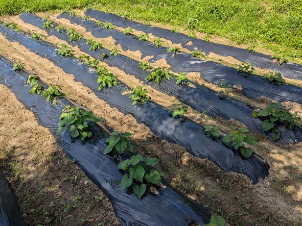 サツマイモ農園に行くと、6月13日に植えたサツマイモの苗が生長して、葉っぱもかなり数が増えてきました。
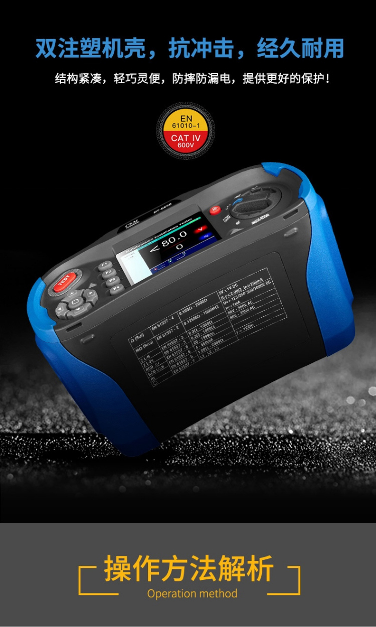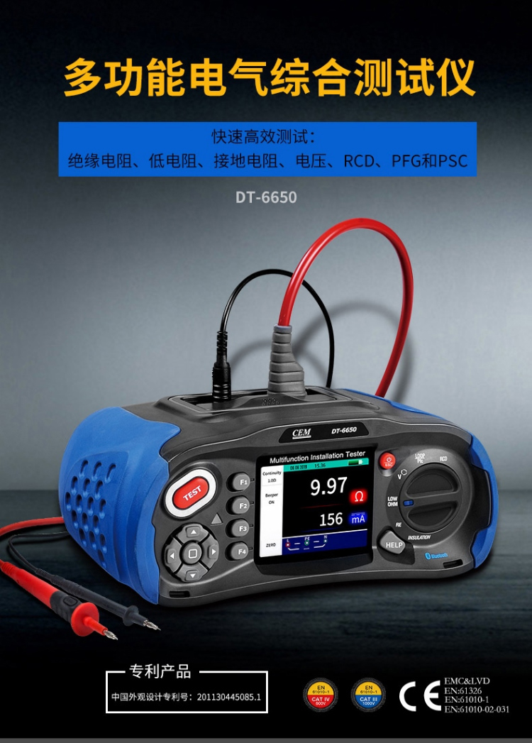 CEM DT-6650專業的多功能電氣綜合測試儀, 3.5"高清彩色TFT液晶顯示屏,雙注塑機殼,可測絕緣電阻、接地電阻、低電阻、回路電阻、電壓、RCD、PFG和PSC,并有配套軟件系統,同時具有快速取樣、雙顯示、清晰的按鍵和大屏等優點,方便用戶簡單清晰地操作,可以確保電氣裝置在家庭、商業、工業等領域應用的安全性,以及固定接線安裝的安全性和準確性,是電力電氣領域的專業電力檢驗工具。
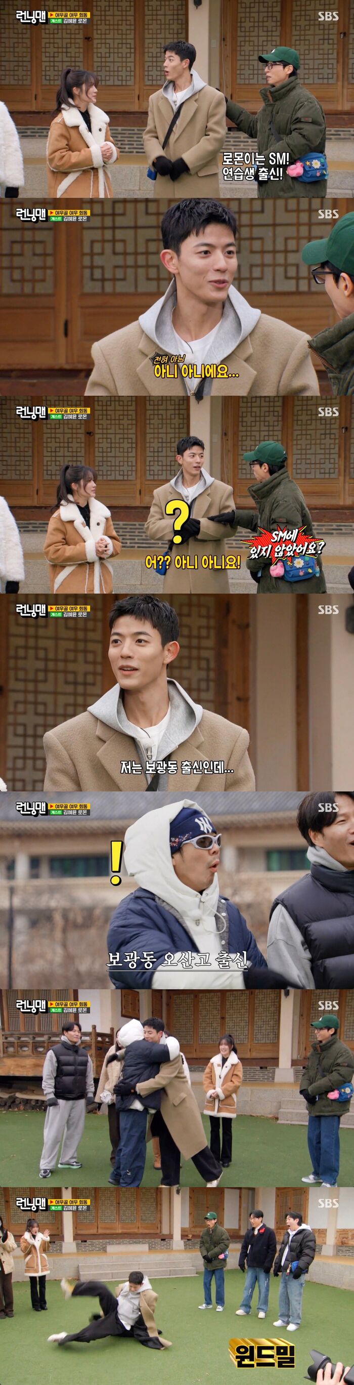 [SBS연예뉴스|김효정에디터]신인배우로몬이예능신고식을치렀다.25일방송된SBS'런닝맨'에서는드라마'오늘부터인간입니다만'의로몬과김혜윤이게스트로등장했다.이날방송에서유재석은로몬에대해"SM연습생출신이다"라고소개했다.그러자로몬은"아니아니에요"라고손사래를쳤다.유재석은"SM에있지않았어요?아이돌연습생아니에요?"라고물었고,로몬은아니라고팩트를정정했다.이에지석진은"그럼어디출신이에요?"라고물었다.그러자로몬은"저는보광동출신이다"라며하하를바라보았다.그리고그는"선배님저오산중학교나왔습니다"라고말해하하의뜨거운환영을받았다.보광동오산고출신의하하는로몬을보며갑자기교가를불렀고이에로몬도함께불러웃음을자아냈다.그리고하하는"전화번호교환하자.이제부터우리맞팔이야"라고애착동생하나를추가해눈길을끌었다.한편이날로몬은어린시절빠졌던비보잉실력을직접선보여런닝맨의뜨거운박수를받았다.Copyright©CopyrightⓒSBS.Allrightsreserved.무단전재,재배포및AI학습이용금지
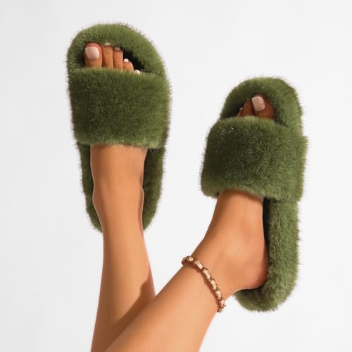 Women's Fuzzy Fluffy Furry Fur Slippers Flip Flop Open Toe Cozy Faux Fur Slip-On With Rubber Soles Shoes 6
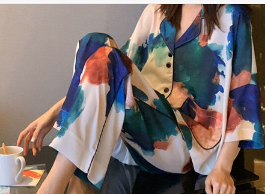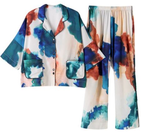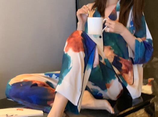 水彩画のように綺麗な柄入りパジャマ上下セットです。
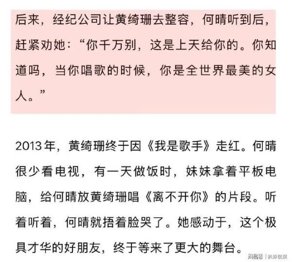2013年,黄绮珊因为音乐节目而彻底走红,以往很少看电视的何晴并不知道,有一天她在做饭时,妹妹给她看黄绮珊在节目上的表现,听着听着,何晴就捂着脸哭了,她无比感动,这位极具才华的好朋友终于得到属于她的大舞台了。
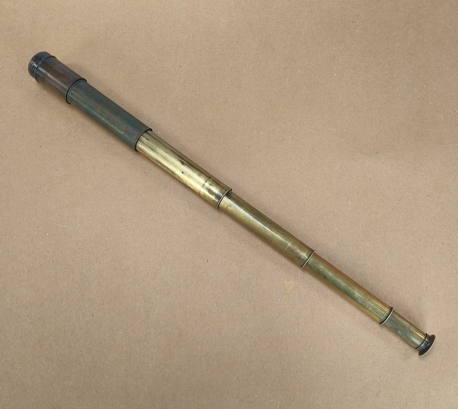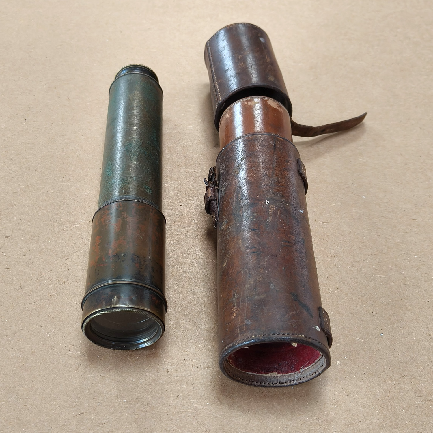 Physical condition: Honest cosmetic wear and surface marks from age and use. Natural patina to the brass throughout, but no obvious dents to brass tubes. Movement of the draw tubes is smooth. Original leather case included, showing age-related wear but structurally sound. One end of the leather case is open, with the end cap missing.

(Your assignment) From the first line to the last, repeat the material exactly, but drop the pictures.

(Output for this exercise)
 サツマイモ農園に行くと、6月13日に植えたサツマイモの苗が生長して、葉っぱもかなり数が増えてきました。
 CEM DT-6650專業的多功能電氣綜合測試儀, 3.5"高清彩色TFT液晶顯示屏,雙注塑機殼,可測絕緣電阻、接地電阻、低電阻、回路電阻、電壓、RCD、PFG和PSC,并有配套軟件系統,同時具有快速取樣、雙顯示、清晰的按鍵和大屏等優點,方便用戶簡單清晰地操作,可以確保電氣裝置在家庭、商業、工業等領域應用的安全性,以及固定接線安裝的安全性和準確性,是電力電氣領域的專業電力檢驗工具。
 [SBS연예뉴스|김효정에디터]신인배우로몬이예능신고식을치렀다.25일방송된SBS'런닝맨'에서는드라마'오늘부터인간입니다만'의로몬과김혜윤이게스트로등장했다.이날방송에서유재석은로몬에대해"SM연습생출신이다"라고소개했다.그러자로몬은"아니아니에요"라고손사래를쳤다.유재석은"SM에있지않았어요?아이돌연습생아니에요?"라고물었고,로몬은아니라고팩트를정정했다.이에지석진은"그럼어디출신이에요?"라고물었다.그러자로몬은"저는보광동출신이다"라며하하를바라보았다.그리고그는"선배님저오산중학교나왔습니다"라고말해하하의뜨거운환영을받았다.보광동오산고출신의하하는로몬을보며갑자기교가를불렀고이에로몬도함께불러웃음을자아냈다.그리고하하는"전화번호교환하자.이제부터우리맞팔이야"라고애착동생하나를추가해눈길을끌었다.한편이날로몬은어린시절빠졌던비보잉실력을직접선보여런닝맨의뜨거운박수를받았다.Copyright©CopyrightⓒSBS.Allrightsreserved.무단전재,재배포및AI학습이용금지
 Women's Fuzzy Fluffy Furry Fur Slippers Flip Flop Open Toe Cozy Faux Fur Slip-On With Rubber Soles Shoes 6
 水彩画のように綺麗な柄入りパジャマ上下セットです。
2013年,黄绮珊因为音乐节目而彻底走红,以往很少看电视的何晴并不知道,有一天她在做饭时,妹妹给她看黄绮珊在节目上的表现,听着听着,何晴就捂着脸哭了,她无比感动,这位极具才华的好朋友终于得到属于她的大舞台了。
 Physical condition: Honest cosmetic wear and surface marks from age and use. Natural patina to the brass throughout, but no obvious dents to brass tubes. Movement of the draw tubes is smooth. Original leather case included, showing age-related wear but structurally sound. One end of the leather case is open, with the end cap missing.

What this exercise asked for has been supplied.